In the holiday spirit
One suburban Los Angeles woman has pushed Costco’s return policy to its logical conclusion. According to several customers who published their accounts on social media, a Costco shopper at the Santa Clarita, Calif., store dragged in her old Christmas tree on Jan. 4 to demand a refund. According to witnesses, the woman claimed she was entitled to a refund because the tree was dead. After a bit of shaming from other customers, witnesses reported, the woman received her refund and left the store.
In the bag
At the end of the first year of experimentation, Israel’s law to curb single-use supermarket plastic bags has had a curious impact: the increasing use of plastic bags. After the tax on plastic bags went into effect in January 2017, the Israeli public seemed to be using fewer difficult-to-recycle plastic bags, as the Knesset intended. However, as the year wore on, a study by supermarket research firm StoreNext indicated that Israelis were now buying cheap plastic bags in bulk to use as garbage bin liners rather than reusing ones they previously got for free when shopping for groceries.
Throat clearing
If you feel like sneezing, doctors say you should probably let it out. According to one case revealed in the journal BMJ Case Reports, a 34-year-old man broke his throat by trying to hold in a sneeze.
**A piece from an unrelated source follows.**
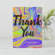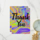 Tacka alla som var med och gjorde din bröllopsdag extra speciell med detta tackkort, med tryckt marmorerad pappersstruktur i regnbågens färger för ett roligt och snett tackkort.
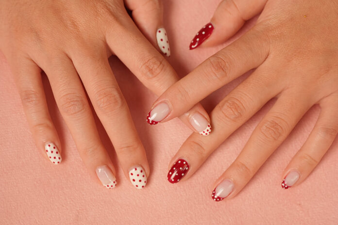 Για εσάς που αγαπάτε το κόκκινο, μπορείτε να κάνετε ένα κόκκινο γαλλικό και να σχηματίσετε λευκές βούλες πάνω της, για να πετύχετε ένα κοριτσίστικο και ρετρό nail look.

The man reportedly tried to stop the sneeze by “pinching the nose and holding his mouth closed.” After he sneezed, the patient experienced pain, a voice change, and swelling around the neck. A series of X-rays revealed the man had blown out a part of his trachea. The report’s authors wrote that holding in sneezes was a “dangerous maneuver and should be avoided.”
Ryan’s hope
Some airline passengers will do whatever it takes to avoid checking a bag. And then there’s Ryan Hawaii. Before attempting to board a British Airways flight from Iceland to London, Hawaii put on eight pairs of pants and 10 shirts that wouldn’t fit in his carry-on bag on Jan. 10. British Airways charges nearly $55 for economy passengers to take an extra bag on that route. The airline refused to issue the man a boarding pass on the grounds that he posed a security threat to the flight. Undeterred, Hawaii tried again the next day with EasyJet and was again denied. Hawaii finally made it back to London on a Norwegian airline.
Smell test
Diesel the police dog has never had so easy an assignment. Police in Saint John in New Brunswick, Canada, called in the tracking dog on Jan. 9 to hunt down a criminal accused of stealing steaks from a local store. Police say the dog picked up the scent almost immediately and enthusiastically led officers to a 29-year-old suspect carrying ill-gotten meat. The department, in a release the next day, said steak was “probably not the best thing to be carrying when a determined police service dog is tracking you down.”
Degraded currency
Attendees of the North American Bitcoin Conference were able to pay for their tickets with credit cards, debit cards, or cash. But one method of payment conference organizers would not accept ahead of the January meeting: bitcoin. A week before the cryptocurrency summit, event planners stopped accepting ticket payments in bitcoin because of slow transaction times and expensive trading fees. Conference organizer Moe Levin told Bitcoin.com that the event accepted bitcoin payments until 14 days before the conference began: “We wish this was easier.”
Not built to last
A Canadian man with time on his hands and a neighborhood full of snow managed to pull a fast one on local police. After a snowstorm blanketed Montreal on Jan. 15, 33-year-old Simon Laprise got busy collecting snow and molding it into the shape of a DeLorean DMC-12. The snow sculpture was good enough to attract the attention of a Montreal police officer who grabbed his ticket book believing he was seeing a car parked in a snow removal zone. After further investigation, the officer left a ticket that read, “You made our night hahahahaha.” The next morning snowplows destroyed Laprise’s sculpture.